Meat scandal: 'I didn't target major retailers'
Spar, Pick n Pay, Woolworths, Shoprite and Fruit & Veg City have been implicated in the meat saga.
JOHANNESBURG - Stellenbosch University's Professor Louw Hoffman on Sunday said his intention was not to name and shame supermarkets implicated in the scandal.
City Press released the names of the supermarkets identified as stocking incorrectly labelled meat products.
The stores include Pick n Pay, Shoprite, Fruit and Veg City, Woolworths and Spar.
Hoffman said the experiment was not designed to test which supermarkets complied with the labelling act.
He said it was to prove that the mislabelling of processed meat was common place in South Africa.
"I didn't want to name and shame. It was never a forensic study.

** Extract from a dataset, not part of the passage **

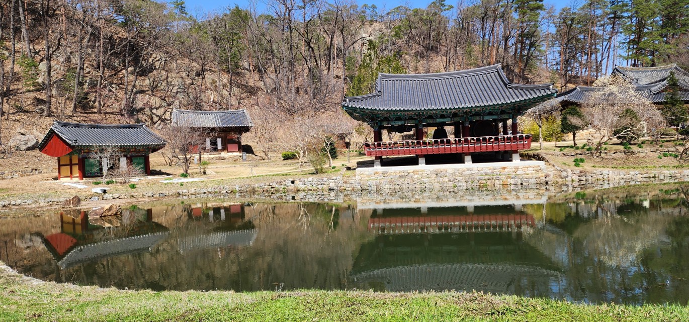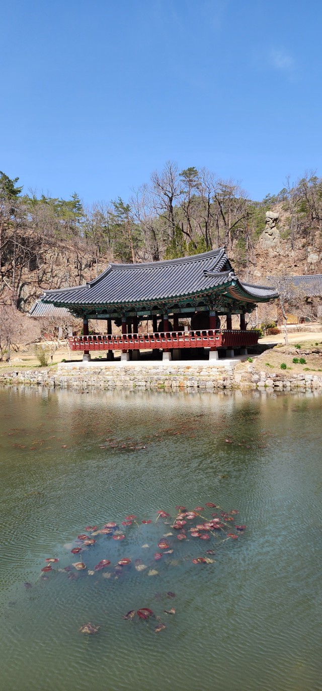 법영루에서 울리는 법고,범종 소리는 불영지에 잔잔한 물결을 이루게 하고 전면으로 터진 공간은 그 소리를 더욱 멀리까지 가도록 해 주변의 뭇 생명들에게 깨침과 평화로움을 전달하는 중요한 도구로 사용되고 있지 않을까 싶었다. 법영루와 주변의 전각 그리고 명부전 뒤로 보이는 부처 바위까지 불영지에 반영(反影)으로 보여 지는 모습은 가히 선경에 가까웠다.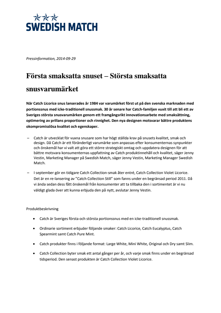 När Catch lanserades 1984 var varumärket först ut på den svenska marknaden med portionssnus med icke-traditionell snussmak. 30 år senare har Catch-familjen vuxit till att bli ett av Sveriges största snusvarumärken genom ett framgångsrikt innovationsarbete med smaksättning och optimering av prillans proportioner. Den nya designen motsvarar bättre produktens okompromisslösa kvalitet och egenskaper.

"If I was going to name and shame, I would have designed the experimental outline totally differently."
Hoffman's study found that nearly 60 percent of 139 products tested contained ingredients which were not listed on their labels.
Other meats added to the products included horse, donkey, water buffalo, goat and pork.
Just last month a number of supermarket retailers said they trusted the meat products on their shelves as what they are said to be.
At the time Spar's Western Cape Marketing Director Colin Patterson said their stores were managed by their owners and they had to adhere to selling meat that was not tainted with strange animal by-products.
"We've communicated to all our retailers. Everyone has signed up in terms of their commitment and showing what has been advertised and said on the label is indeed exactly what it is."
But Patterson said he would not put his head on a block and say that all store owners were sticking to their agreements.
He said Spar had never detected a problem with any of their meat products.
"You must remember that our stores are owner-managed and while everyone has committed and signed up to the agreed standards it is still very difficult to say I can guarantee 100 percent that there is absolutely no problems with the mince or whatever."
Meanwhile, Pick 'n Pay's Peter Arnold said their meat had been scrutinised for strange animal products and nothing odd has been detected.
"We've tested about 700 products and we're happy to say that we've not found any trace of horse or donkey or buffalo or anything in any of our meat selection. We're very proud of that fact."